━━ Extracted material
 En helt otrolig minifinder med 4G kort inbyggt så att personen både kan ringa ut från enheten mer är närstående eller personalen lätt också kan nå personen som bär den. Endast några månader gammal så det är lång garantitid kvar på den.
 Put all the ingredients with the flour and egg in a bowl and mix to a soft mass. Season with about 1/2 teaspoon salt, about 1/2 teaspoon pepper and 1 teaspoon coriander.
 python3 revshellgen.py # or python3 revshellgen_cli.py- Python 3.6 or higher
━━━━
━━ Extracted material
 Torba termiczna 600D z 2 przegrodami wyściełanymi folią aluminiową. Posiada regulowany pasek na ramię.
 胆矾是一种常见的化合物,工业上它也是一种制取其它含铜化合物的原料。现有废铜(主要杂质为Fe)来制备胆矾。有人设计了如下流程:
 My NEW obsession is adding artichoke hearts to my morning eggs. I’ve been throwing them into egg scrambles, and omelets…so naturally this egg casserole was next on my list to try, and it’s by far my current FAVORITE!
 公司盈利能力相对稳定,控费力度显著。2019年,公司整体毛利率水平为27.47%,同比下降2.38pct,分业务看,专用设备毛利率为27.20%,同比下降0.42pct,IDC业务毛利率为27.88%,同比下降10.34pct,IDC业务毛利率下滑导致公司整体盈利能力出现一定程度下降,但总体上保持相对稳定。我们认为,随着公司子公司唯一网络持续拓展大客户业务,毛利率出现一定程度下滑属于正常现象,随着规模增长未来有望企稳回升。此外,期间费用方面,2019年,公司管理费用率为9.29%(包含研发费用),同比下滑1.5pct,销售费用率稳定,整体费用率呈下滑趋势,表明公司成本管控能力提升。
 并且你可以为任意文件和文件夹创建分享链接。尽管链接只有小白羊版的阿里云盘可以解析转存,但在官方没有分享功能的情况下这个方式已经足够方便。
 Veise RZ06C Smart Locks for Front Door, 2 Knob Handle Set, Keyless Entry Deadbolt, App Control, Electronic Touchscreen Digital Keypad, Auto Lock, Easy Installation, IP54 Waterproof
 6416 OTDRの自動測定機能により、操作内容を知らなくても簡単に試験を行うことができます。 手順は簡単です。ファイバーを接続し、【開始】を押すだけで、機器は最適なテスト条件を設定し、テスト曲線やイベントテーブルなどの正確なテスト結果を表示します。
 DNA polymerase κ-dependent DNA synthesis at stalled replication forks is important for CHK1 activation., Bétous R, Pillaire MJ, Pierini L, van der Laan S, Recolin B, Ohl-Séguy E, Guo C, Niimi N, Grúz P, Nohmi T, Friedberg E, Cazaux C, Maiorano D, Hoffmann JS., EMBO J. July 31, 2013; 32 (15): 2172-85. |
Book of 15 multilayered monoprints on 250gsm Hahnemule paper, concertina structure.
━━━━
(What the task asks)
Out of the data above, give again only the lines starting at the one holding "Put all the" and ending at the one holding "python3 revshellgen.py #", unchanged.

(Output for this task)
 Put all the ingredients with the flour and egg in a bowl and mix to a soft mass. Season with about 1/2 teaspoon salt, about 1/2 teaspoon pepper and 1 teaspoon coriander.
 python3 revshellgen.py # or python3 revshellgen_cli.py- Python 3.6 or higher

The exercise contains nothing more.